Exercise aim |
Repeat all of the data word for word so that only the pictures are missing from the copy.

Raw data |
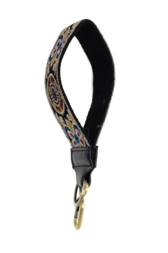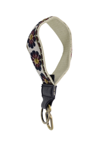 Never lose your keys again with this stylish wristlet keychain! Details: Embroidered wristlet Keyring/snap clasp Vegan leather Dimensions: ...
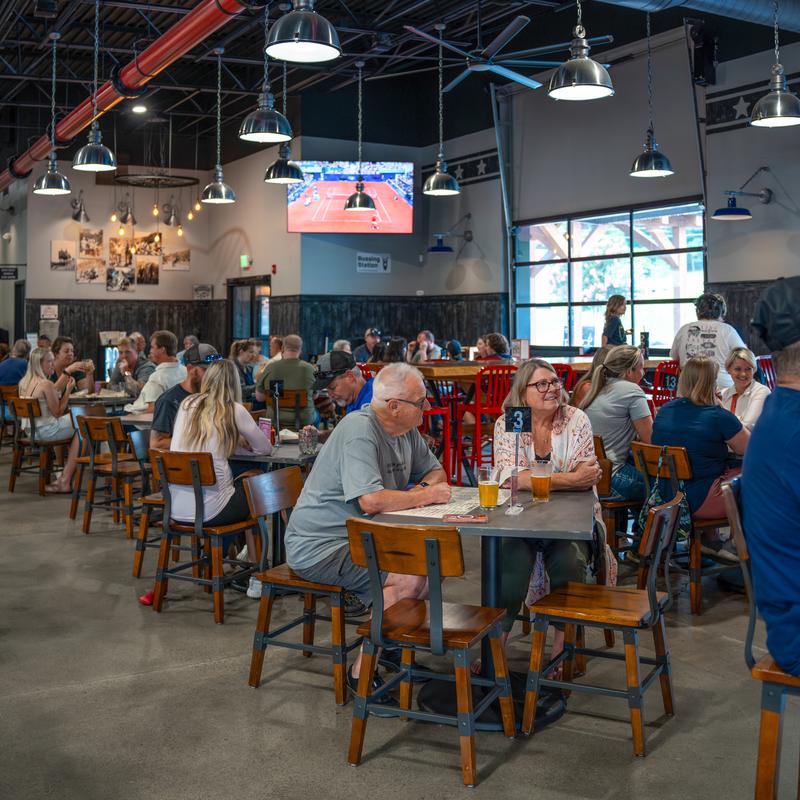 This brewery is like an adult playground. They have put-put golf outside along with go carts and batting cages. Inside and outside seating. Outside seating is dog friendly and has heaters for cold days. They offer a variety of foods when we went today they had brunch. Picture of menu attached. Beer menu is great. I tried their west coast IPA and loved the taste. Great atmosphere. Free parking lot outside.
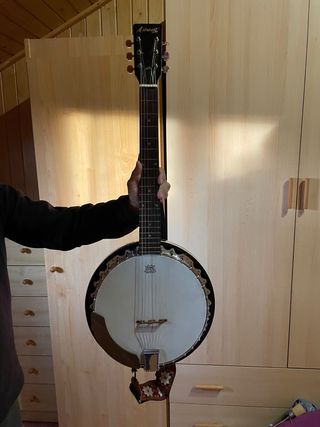 Banjo de la marca Airang. Instrumento musical con un diseño clásico. - Cuerpo redondo con aro metálico. - Mástil de madera con diapasón. - Incluye correa decorada. - Un poco de óxido en algunos trastes
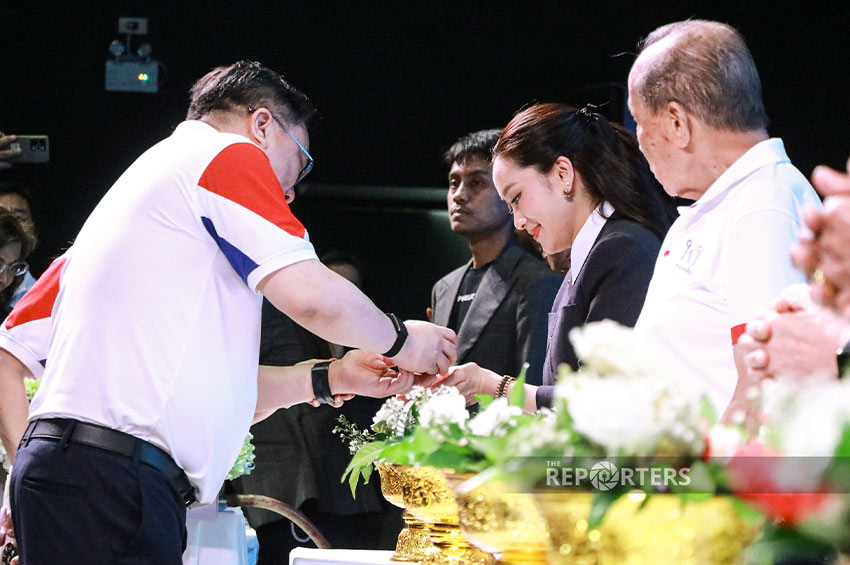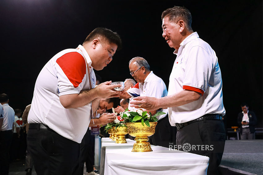 จากนั้นนางสาวแพทองธารได้เปิดโอกาสให้ สส. และสมาชิกพรรคได้รดน้ำขอพรด้วยในฐานะผู้ใหญ่ของพรรค ซึ่งบรรยากาศเป็นไปอย่างชื่นมื่น ขาดเพียงนายยศชนัน วงศ์สวัสดิ์ รองนายกรัฐมนตรีและรัฐมนตรีว่าการกระทรวงการอุดมศึกษา วิทยาศาสตร์ วิจัยและนวัตกรรม ที่ติดภารกิจของกระทรวง และนายสุริยะ จึงรุ่งเรืองกิจ รัฐมนตรีว่าการกระทรวงเกษตรและสหกรณ์ที่ลากิจ

Exercise response |
 Never lose your keys again with this stylish wristlet keychain! Details: Embroidered wristlet Keyring/snap clasp Vegan leather Dimensions: ...
 This brewery is like an adult playground. They have put-put golf outside along with go carts and batting cages. Inside and outside seating. Outside seating is dog friendly and has heaters for cold days. They offer a variety of foods when we went today they had brunch. Picture of menu attached. Beer menu is great. I tried their west coast IPA and loved the taste. Great atmosphere. Free parking lot outside.
 Banjo de la marca Airang. Instrumento musical con un diseño clásico. - Cuerpo redondo con aro metálico. - Mástil de madera con diapasón. - Incluye correa decorada. - Un poco de óxido en algunos trastes
 จากนั้นนางสาวแพทองธารได้เปิดโอกาสให้ สส. และสมาชิกพรรคได้รดน้ำขอพรด้วยในฐานะผู้ใหญ่ของพรรค ซึ่งบรรยากาศเป็นไปอย่างชื่นมื่น ขาดเพียงนายยศชนัน วงศ์สวัสดิ์ รองนายกรัฐมนตรีและรัฐมนตรีว่าการกระทรวงการอุดมศึกษา วิทยาศาสตร์ วิจัยและนวัตกรรม ที่ติดภารกิจของกระทรวง และนายสุริยะ จึงรุ่งเรืองกิจ รัฐมนตรีว่าการกระทรวงเกษตรและสหกรณ์ที่ลากิจ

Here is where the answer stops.